The change came in the mid 1960s. I was a busy mother and teacher. We had recently moved, with our two young sons, from Atlanta, Georgia to Eugene, Oregon where my husband, Michael, had accepted a post-doctoral position with the newly formed Institute of Molecular Biology.

Aaron Novick was the first Director. He had helped develop the atomic bomb at Los Alamos in the belief that the very existence of the bomb would convince Japan to surrender. He was shocked that the bomb was dropped first on Hiroshima and then on Nagasaki. Leaving Los Alamos and coming to Eugene was for him “a move from death to life”. He became an ardent anti-war activist, setting an example the professors at the Institute followed.

George Streisinger was one of those professors.
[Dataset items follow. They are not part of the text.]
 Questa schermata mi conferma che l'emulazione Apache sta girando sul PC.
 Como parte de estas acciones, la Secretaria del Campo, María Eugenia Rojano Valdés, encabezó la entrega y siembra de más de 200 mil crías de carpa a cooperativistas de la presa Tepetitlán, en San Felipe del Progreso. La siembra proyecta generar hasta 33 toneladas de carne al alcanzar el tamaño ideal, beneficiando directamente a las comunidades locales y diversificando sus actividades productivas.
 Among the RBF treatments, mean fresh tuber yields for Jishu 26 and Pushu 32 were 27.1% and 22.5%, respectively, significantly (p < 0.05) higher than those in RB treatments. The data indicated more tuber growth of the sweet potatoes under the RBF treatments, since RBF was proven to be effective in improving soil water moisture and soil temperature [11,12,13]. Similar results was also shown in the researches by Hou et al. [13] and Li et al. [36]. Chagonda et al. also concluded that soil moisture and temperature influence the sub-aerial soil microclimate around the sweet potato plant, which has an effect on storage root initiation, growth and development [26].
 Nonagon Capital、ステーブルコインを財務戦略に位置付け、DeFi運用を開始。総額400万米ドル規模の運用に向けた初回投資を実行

George was born in Budapest, Hungary in 1927. As a Jew, he was fortunate to escape to New York City shortly before war broke out. He was strongly opposed to the military from a very early age and refused, for example, to participate in ROTC while at Cornell.
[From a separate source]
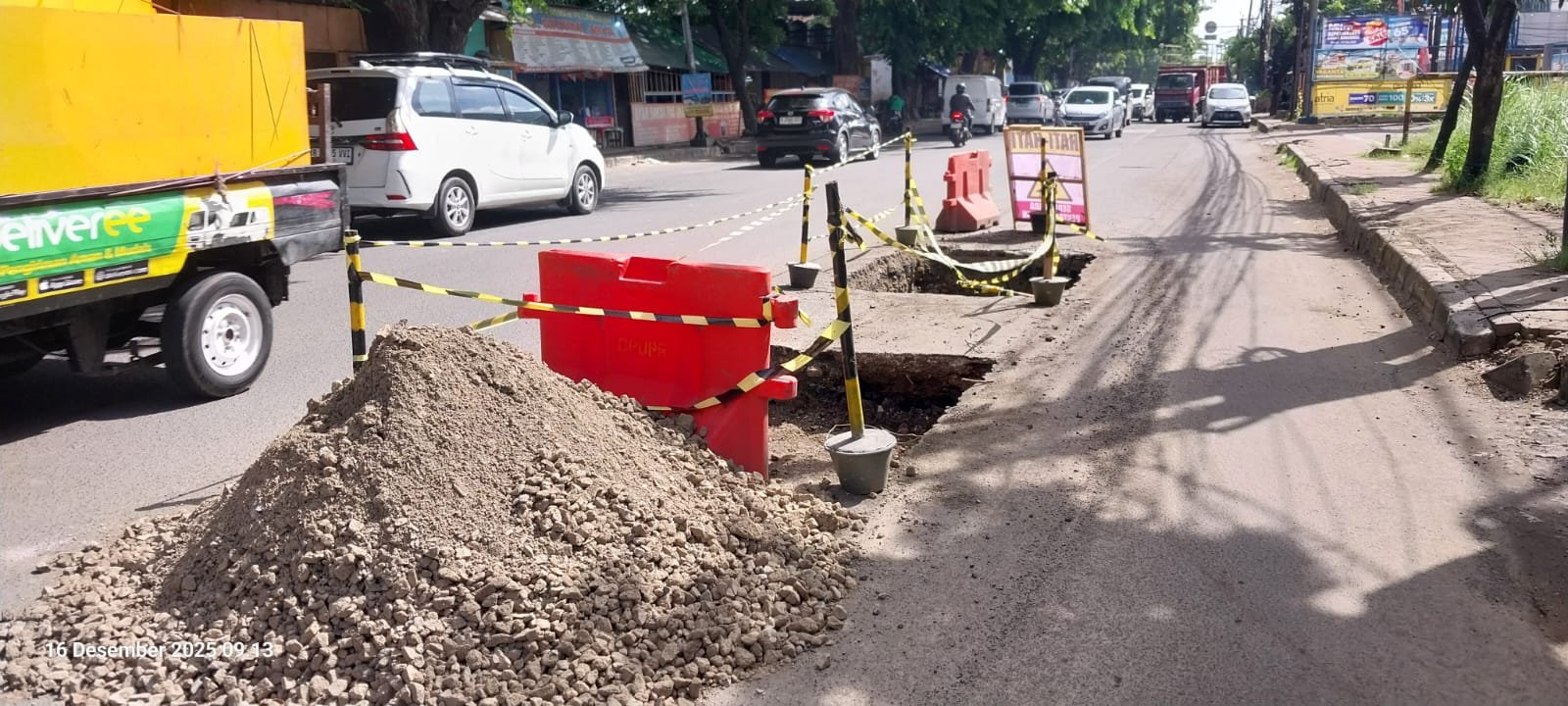 “Parah banget ini sekarang Jalan M.Toha sudah Jalan berlubang di tambah lagi ada galian di tengah jalan yang sudah lama belum di selesaikan pengerjaannya, bikin tambah parah kemacetan” keluhnya.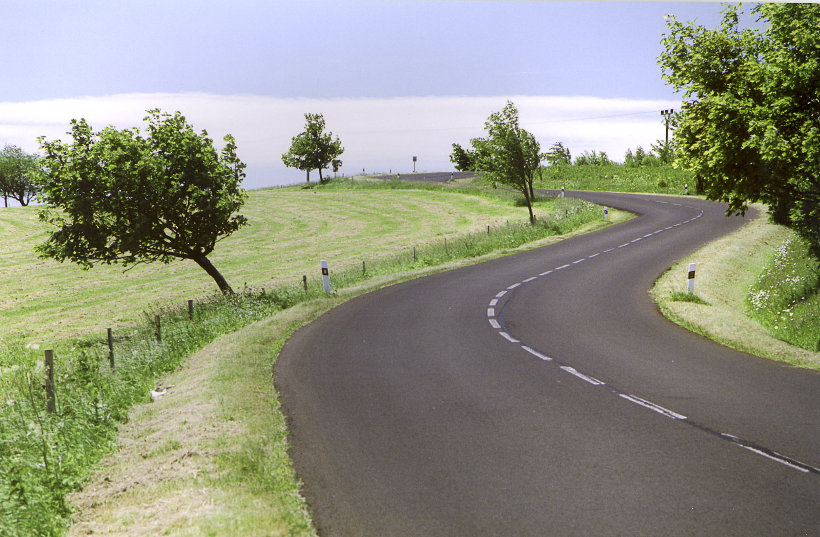 Konec pauzy. Sedláme stroje a hned za přechodem odbočujeme vpravo po silnici S216. Silnice se krásně klikatí údolím potoka, provoz minimální, jen tu a tam dojíždíme nějaké auta, které nás však ochotně pouštějí před sebe. Snad ten asfalt by mohl být lepší. I když do středočeských tankodromů to má naštěstí pořád ještě daleko.

In addition to demonstrating against the Vietnam War and supporting the Eugene peace center, George volunteered to teach a series of evening classes on the Vietnam War at a local church. Mike and I, intrigued by the opportunity to hear a scientist talk about the war, hired a baby sitter and attended every class. The first evening George said “I admit to having strong feelings against the Vietnam War but I will always let you know when I am expressing my own views and when I am giving you the facts”. He used several reference books including a history of Vietnam going back to the occupation by the French. In a scholarly, gentle and patient way George led us through the history, the facts, and the terrible lies that our government told us about our involvement in the war.

Toward the end of the course, I realized I could no longer hold to the belief that our country could do no wrong. I felt betrayed, angry and frightened, because my world was breaking apart. As I learned one awful truth after another I realized I would have to join those who stood up against war. It was a painful, liberating and life changing experience.